Poster Presentation 35th Lorne Cancer Conference 2023

Overcoming resistance by testing all possible mutations in the PARP1 catalytic domain (#323)

Kristy Shield-Artin 1 , Rachael Taylor 1 , Sally Beard 1 , Michael Kuiper 2 , Ksenija Nesic 1 , Alan F Rubin 1 , Anthony Papenfuss 1 3 , Clare L Scott 1 4 , Matthew Wakefield 1 4
  1. Walter and Eliza Hall Institute of Medical Research, Parkville, VIC, Australia
  2. CSIRO, Canberra, ACT
  3. Peter MacCallum Cancer Centre, Parkville, VIC, Australia
  4. The University of Melbourne, Parkville, VIC, Australia

 

Poly ADP-ribose polymerase inhibitor (PARP) inhibitors are a highly effective therapy in widespread clinical use for breast and ovarian cancer.

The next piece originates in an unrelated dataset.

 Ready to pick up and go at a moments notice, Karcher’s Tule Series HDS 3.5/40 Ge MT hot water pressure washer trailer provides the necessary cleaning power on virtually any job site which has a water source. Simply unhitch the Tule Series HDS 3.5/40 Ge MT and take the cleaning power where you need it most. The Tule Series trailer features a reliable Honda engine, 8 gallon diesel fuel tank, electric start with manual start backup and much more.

PARP inhibitors act by trapping PARP1 on DNA. In cancers with homologous recombination (HR) DNA repair defects (eg BRCA1 mutations) trapping causes replication fork collapse, overwhelming alternative repair pathways. The failure of these alternative pathways leads to exposed ssDNA, mitotic catastrophe and cell death.

Resistance to PARP inhibitors occurs when PARP1 acquires mutations that releive the allosteric force of the inhibitor binding that causes trapping or interfere with binding of the HPF1 protein that controls automodification of PARP1. We are characterising all possible mutations in the PARP1 catalytic and HPF1 binding domains for their impact on inhibitor resistance using multiplex high throughput genomics techniques. Through testing of multiple PARP inhibitors, we are determining the mutations that are specific to an individual drug. This will provide clinical annotation with the potential for making patient care decisions and to improve our fundamental understanding of PARP inhibitor function and resistance.

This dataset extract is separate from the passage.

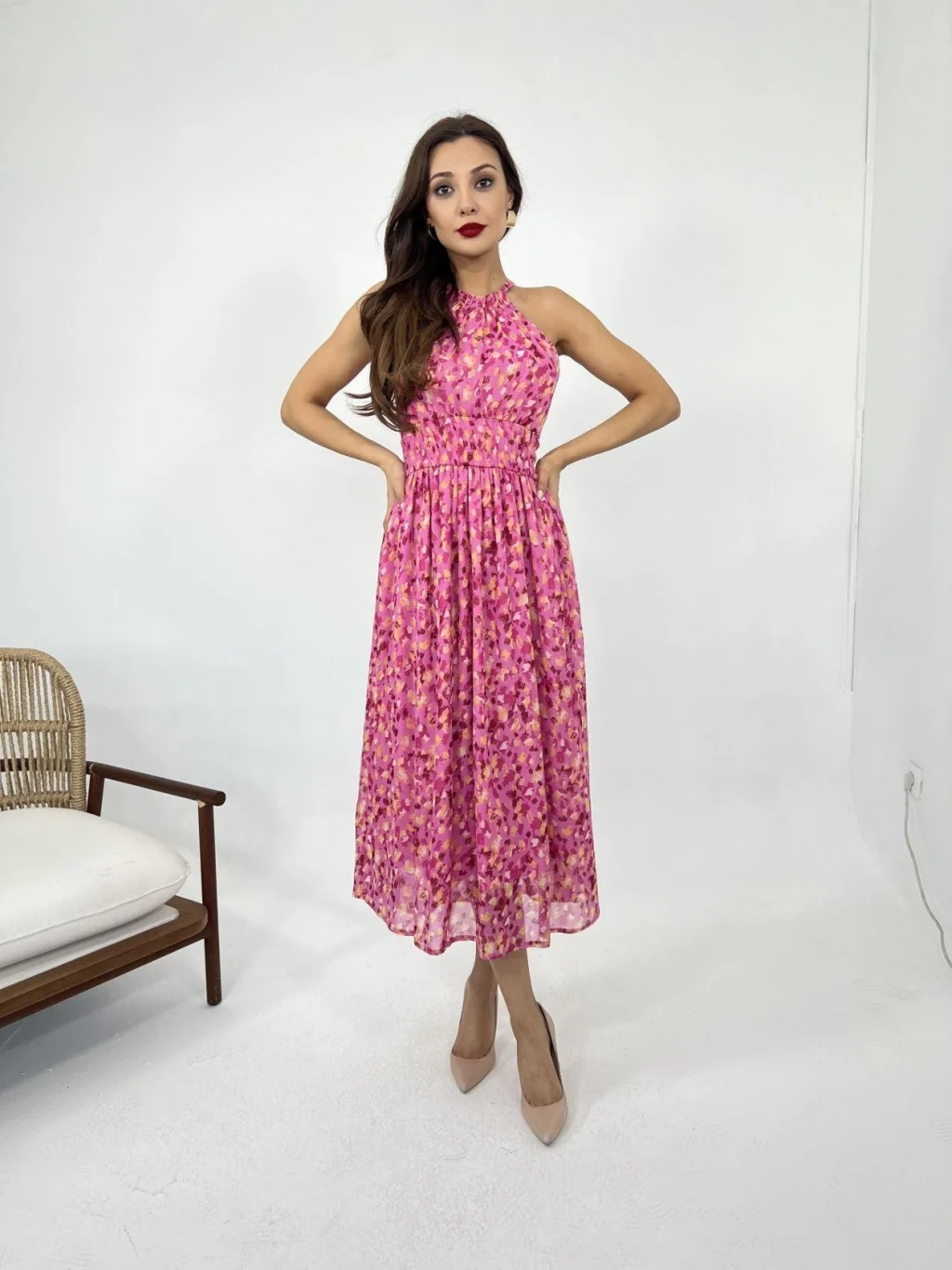 Kadın Uzun Kollu Geometrik Yaka Midi Ithal Krep Elbise

Using MAVEDB (mavedb.org) and its integration into the SHARIANT database (shariant.org.au) this data will be rapidly available to directly support clinical decision making where clinical sequencing is available.

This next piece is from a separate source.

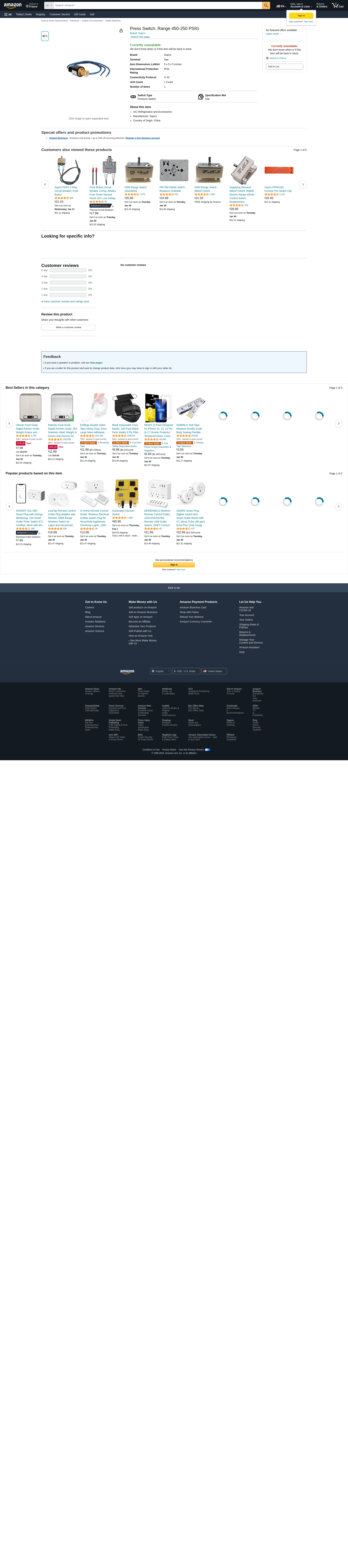 | Feature | Price For: Each Switch Action: Opens On High Pressure Range (PSI): 0-650 Switch Type: SPST Differential Pressure (PSI): +/- 15 Item: High Pressure Switch Mounting: Direct Pressure Connection: 1/4" Female SAE Close (PSI): 250 Open (PSI): 450 Country of Origin (subject to change): China |

Futhermore, data from our Deep Mutational Scan (DMS) of PARP1 variants will be used to construct a computational molecular dynamics model of PARP1-HPF1 interaction. This model will be validated by making computational predictions of additional inhibitors prior to testing these inhibitors experimentally. This model will then be applied to compound mutations, including patients that carry rare population mutations to allow accurate variant interpretation in understudied minorities.

Combined, these studies will provide detailed variant annotations for this important cancer gene and provide variant specific recommendations for overcoming resistance in clinical sequencing, with direct translation to clinical care through linkages from MAVEDB to clinical annotation databases.